Politics Prime Minister Kurti declares himself the winner of the Kosovo elections

SDA

10.2.2025 - 01:45

Kosovo's Prime Minister Albin Kurti makes a statement after the results of the parliamentary elections in Pristina. Photo: Vlasov Sulaj/AP/dpa
Kosovo's Prime Minister Albin Kurti makes a statement after the results of the parliamentary elections in Pristina. Photo: Vlasov Sulaj/AP/dpa
Keystone

Kosovo's Prime Minister Albin Kurti has declared himself the winner after the parliamentary elections in his country. "We have won and we will form the next government," he told supporters in Pristina shortly after midnight. According to the election observer group Democracy in Action, which relied on the results from 98 percent of polling stations, Kurti's ruling party Vetevendosje (Self-Determination) received 40.4 percent of the vote - and thus lost its absolute majority.

Keystone-SDA

Around two million citizens were called to vote. Kosovo is a potential candidate for EU membership. For the first time since 2010, a representative body in the country has exhausted its four-year mandate.

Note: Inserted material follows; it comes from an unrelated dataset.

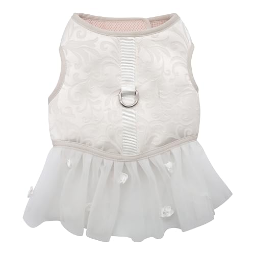 Croci Ceremony Bride Harnais pour Chien Femelle pour Mariage, Robe pour Chien avec Jupe en Tulle Fantaisie damassée, réglable, S/27-31 cm

In the election four years ago, Kurti's left-wing nationalist formation won 50.3 percent of the vote. According to Democracy in Action, this time the liberal Democratic Party (PDK) received 21.7 percent of the vote, the bourgeois Democratic League of Kosovo (LDK) 17.5 percent and the conservative Alliance for the Future (AAK) 7.2 percent.

Problems with the vote count

Other parties and alliances failed to reach the five percent hurdle that decides who enters the parliament. Irrespective of this, 20 of the 120 seats are reserved for ethnic minorities: 10 for Serbs and a further 10 for other groups, including Bosniaks, Turks and Roma.

The state election commission had serious problems with electronic data processing on election day and did not want to announce the provisional final result until Monday morning.

In the old parliament, Kurti's party had a comfortable majority together with MPs from the ethnic minorities. The 49-year-old had promised comprehensive reforms of the judiciary and administration when he took office, but was unable to deliver on many of them. If he now wants to continue to govern, he will probably have to join forces with the PDK or the LDK. Theoretically, however, a government alliance without the participation of the Kurti party is also conceivable.